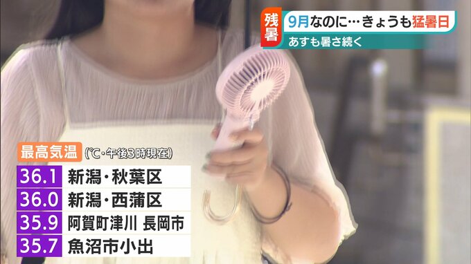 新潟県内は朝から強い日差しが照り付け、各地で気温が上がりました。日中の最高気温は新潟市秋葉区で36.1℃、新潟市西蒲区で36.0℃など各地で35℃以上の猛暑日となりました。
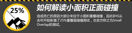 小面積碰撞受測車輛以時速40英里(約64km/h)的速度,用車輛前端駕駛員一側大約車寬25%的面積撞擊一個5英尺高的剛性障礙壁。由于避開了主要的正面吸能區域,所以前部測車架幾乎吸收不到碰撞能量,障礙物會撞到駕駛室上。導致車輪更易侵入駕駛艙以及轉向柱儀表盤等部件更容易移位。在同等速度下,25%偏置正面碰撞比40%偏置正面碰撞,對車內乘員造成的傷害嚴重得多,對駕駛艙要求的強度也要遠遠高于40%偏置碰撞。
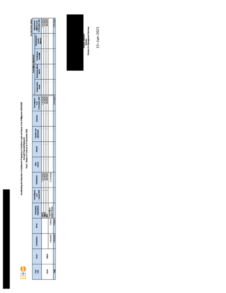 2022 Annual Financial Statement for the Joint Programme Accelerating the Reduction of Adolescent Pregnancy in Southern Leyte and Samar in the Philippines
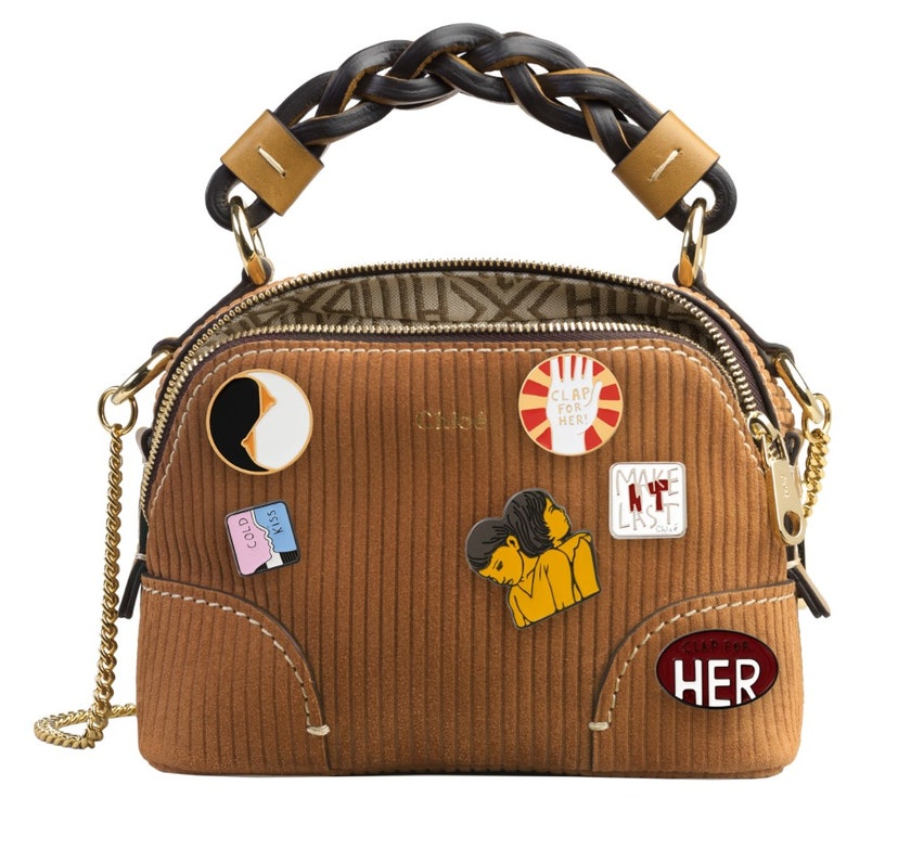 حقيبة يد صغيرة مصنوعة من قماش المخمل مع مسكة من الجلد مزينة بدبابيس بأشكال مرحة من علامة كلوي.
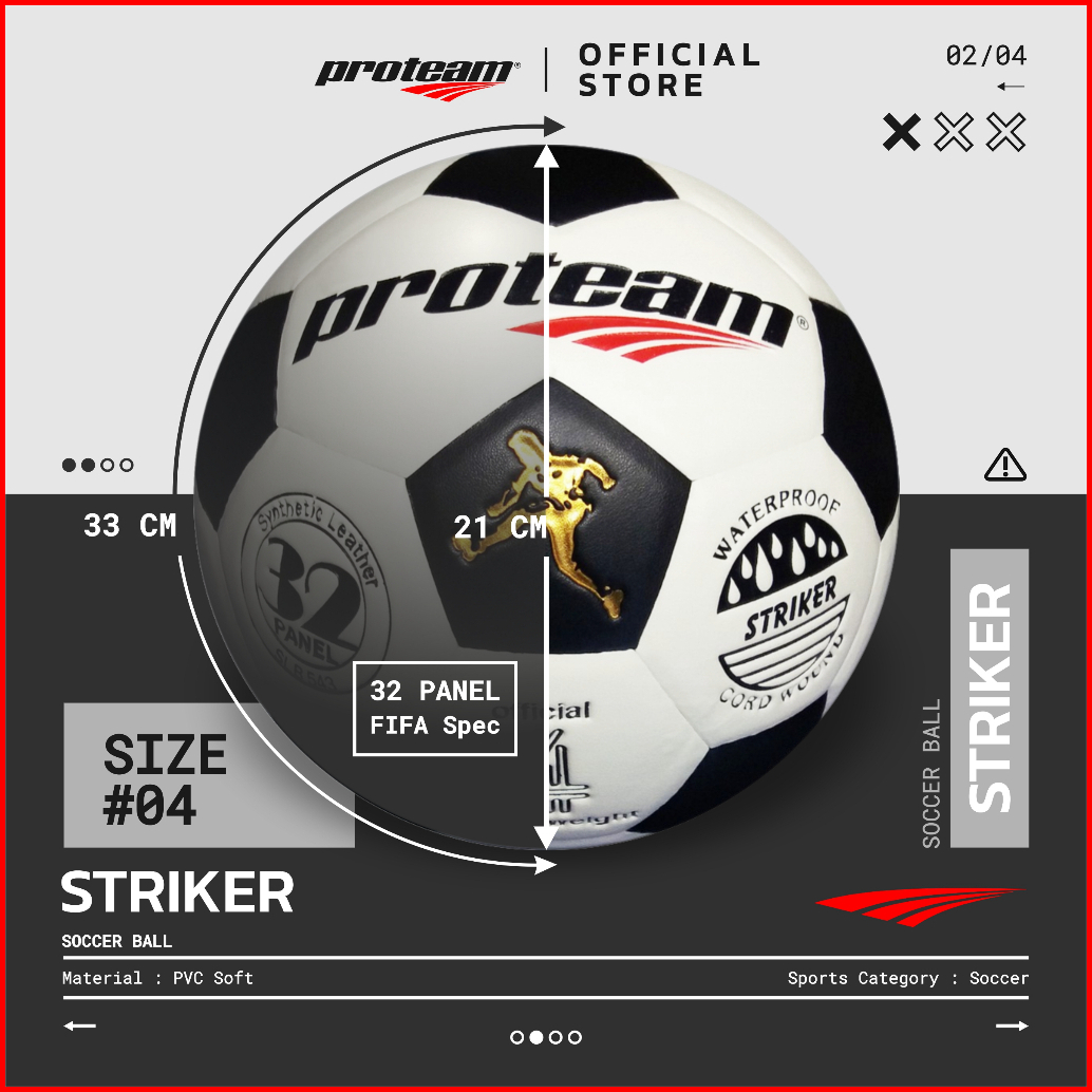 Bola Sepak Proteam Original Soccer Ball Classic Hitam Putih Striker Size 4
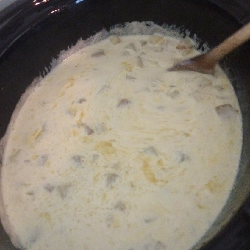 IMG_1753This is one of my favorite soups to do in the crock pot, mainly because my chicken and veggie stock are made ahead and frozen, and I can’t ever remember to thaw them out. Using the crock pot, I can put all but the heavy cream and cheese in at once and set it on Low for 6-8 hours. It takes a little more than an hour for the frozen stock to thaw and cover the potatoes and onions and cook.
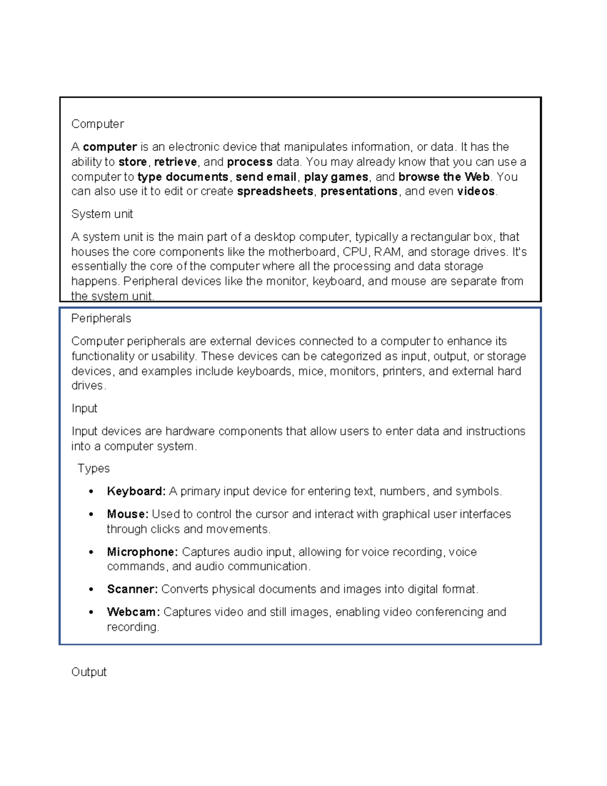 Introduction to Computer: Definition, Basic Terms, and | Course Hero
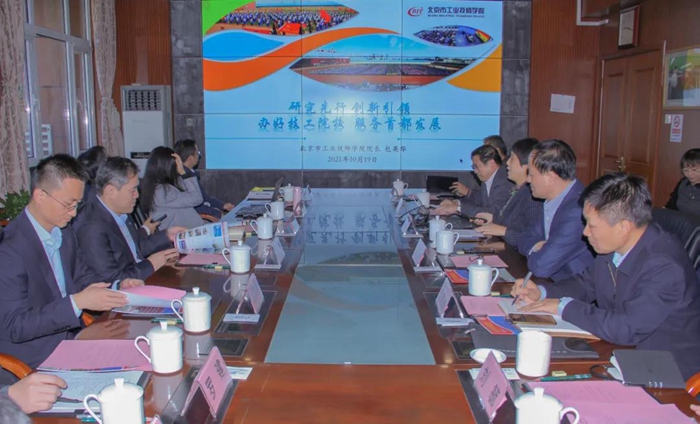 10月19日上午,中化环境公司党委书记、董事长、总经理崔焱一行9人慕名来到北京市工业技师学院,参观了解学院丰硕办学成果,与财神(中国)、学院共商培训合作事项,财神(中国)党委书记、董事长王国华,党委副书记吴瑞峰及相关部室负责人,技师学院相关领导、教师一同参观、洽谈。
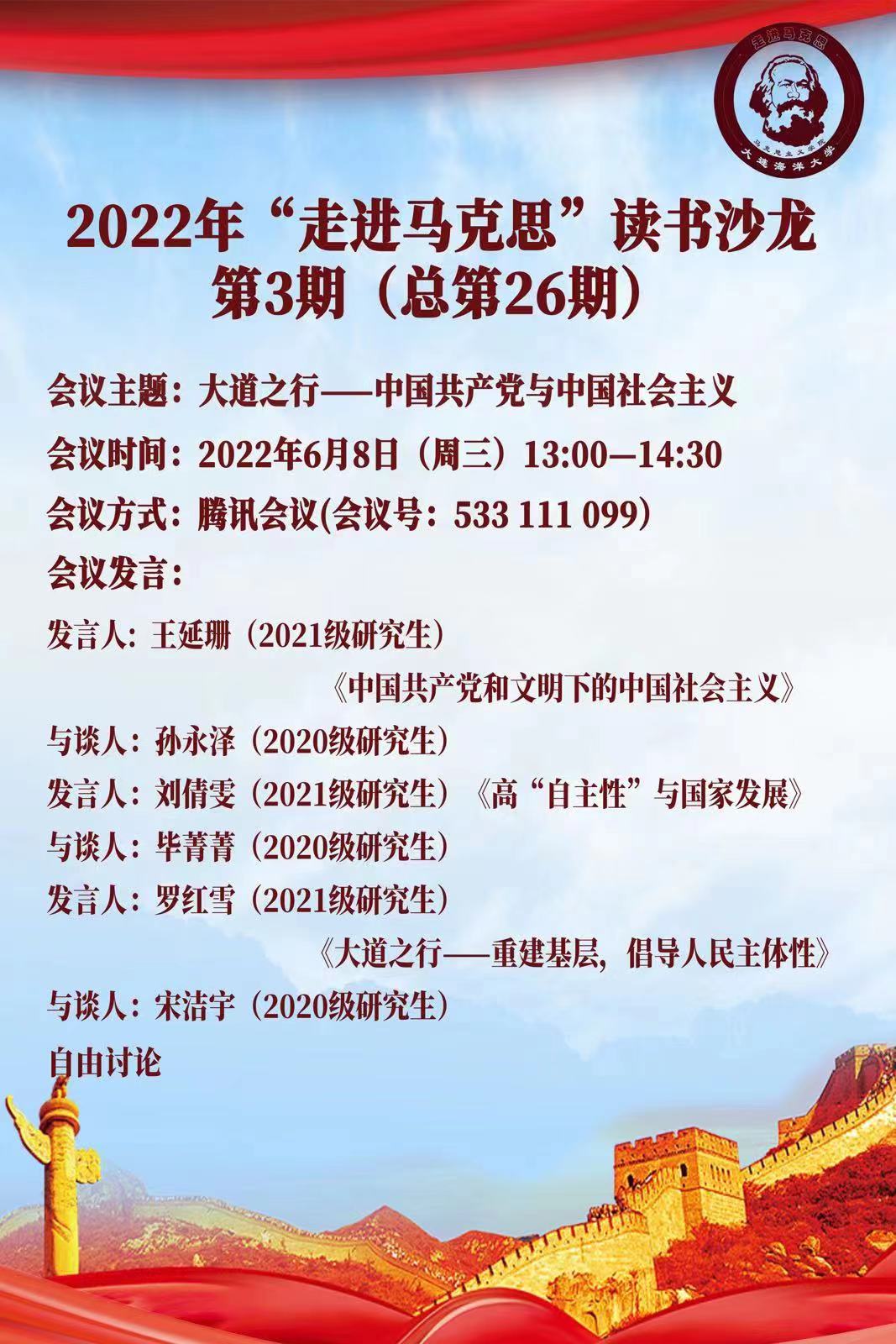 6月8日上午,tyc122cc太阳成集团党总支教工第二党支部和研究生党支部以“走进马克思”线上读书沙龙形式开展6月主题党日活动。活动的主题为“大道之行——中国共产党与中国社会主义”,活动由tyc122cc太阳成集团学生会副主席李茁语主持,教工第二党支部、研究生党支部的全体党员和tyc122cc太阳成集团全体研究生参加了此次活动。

— What you should do —
Set down the material exactly, every line of it, except for the pictures.

— Answer to this task —
 新潟県内は朝から強い日差しが照り付け、各地で気温が上がりました。日中の最高気温は新潟市秋葉区で36.1℃、新潟市西蒲区で36.0℃など各地で35℃以上の猛暑日となりました。
 小面積碰撞受測車輛以時速40英里(約64km/h)的速度,用車輛前端駕駛員一側大約車寬25%的面積撞擊一個5英尺高的剛性障礙壁。由于避開了主要的正面吸能區域,所以前部測車架幾乎吸收不到碰撞能量,障礙物會撞到駕駛室上。導致車輪更易侵入駕駛艙以及轉向柱儀表盤等部件更容易移位。在同等速度下,25%偏置正面碰撞比40%偏置正面碰撞,對車內乘員造成的傷害嚴重得多,對駕駛艙要求的強度也要遠遠高于40%偏置碰撞。
 2022 Annual Financial Statement for the Joint Programme Accelerating the Reduction of Adolescent Pregnancy in Southern Leyte and Samar in the Philippines
 حقيبة يد صغيرة مصنوعة من قماش المخمل مع مسكة من الجلد مزينة بدبابيس بأشكال مرحة من علامة كلوي.
 Bola Sepak Proteam Original Soccer Ball Classic Hitam Putih Striker Size 4
 IMG_1753This is one of my favorite soups to do in the crock pot, mainly because my chicken and veggie stock are made ahead and frozen, and I can’t ever remember to thaw them out. Using the crock pot, I can put all but the heavy cream and cheese in at once and set it on Low for 6-8 hours. It takes a little more than an hour for the frozen stock to thaw and cover the potatoes and onions and cook.
 Introduction to Computer: Definition, Basic Terms, and | Course Hero
 10月19日上午,中化环境公司党委书记、董事长、总经理崔焱一行9人慕名来到北京市工业技师学院,参观了解学院丰硕办学成果,与财神(中国)、学院共商培训合作事项,财神(中国)党委书记、董事长王国华,党委副书记吴瑞峰及相关部室负责人,技师学院相关领导、教师一同参观、洽谈。
 6月8日上午,tyc122cc太阳成集团党总支教工第二党支部和研究生党支部以“走进马克思”线上读书沙龙形式开展6月主题党日活动。活动的主题为“大道之行——中国共产党与中国社会主义”,活动由tyc122cc太阳成集团学生会副主席李茁语主持,教工第二党支部、研究生党支部的全体党员和tyc122cc太阳成集团全体研究生参加了此次活动。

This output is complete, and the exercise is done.